The middle lobe shows two different forms not known to Hall but which were recorded by Woodward in Pterygotus bilobus and Slimonia acuminata [1863, p. 61; 1872, p. 114, f.] and attributed to sexual differences. Schmidt likewise recognized two forms of opercular appendages of sexual significance in Eurypterus fischeri, and Holm, by reference to Limulus, agreed with Woodward in assigning the more primitive appendage to the male and the more elaborate to the female, thus bringing out the fact that the mature males, at least in Eurypterus, are smaller than the females, as is true of Limulus.

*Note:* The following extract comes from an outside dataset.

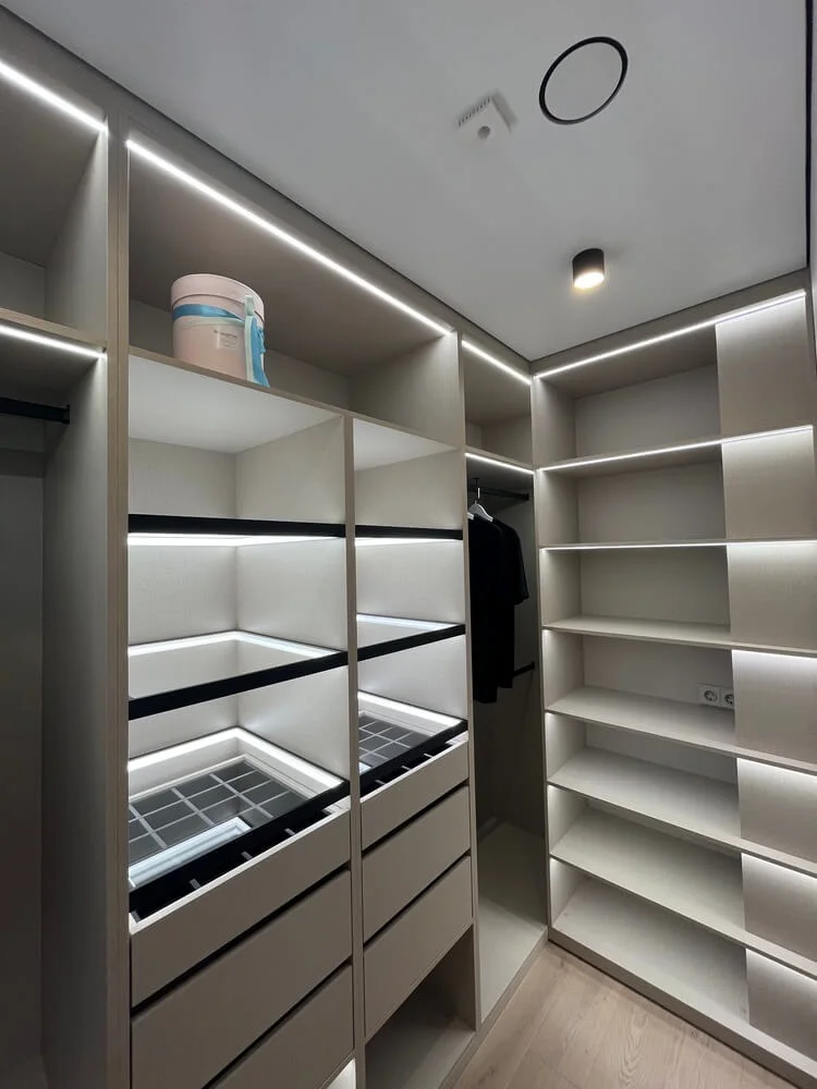 Г- образная гардеробная в цвете U702 ST9 Кашемир серый. Гардеробная оснащена стеклянными полками, ящиками для бижутерии и светодиодной подсветкой.

Gaskell, however, asserts [1908, p. 191] that the operculum of the eurypterids belonged to the type of Thelyphonus rather than to that of Limulus or Scorpio and as appears from his diagram [see text fig. 18] he would, on the strength of this claim, reverse the reference of the appendages to the sexes.[10] While it may be that the elaborate opercular appendages of the eurypterids exhibit less similarity to the extremely primitive exterior genital apparatus of Limulus than to that of Thelyphonus, we must not forget that Holm has found important corroborative evidence for his sex determination of the male in the clasping organs of the second endognathites.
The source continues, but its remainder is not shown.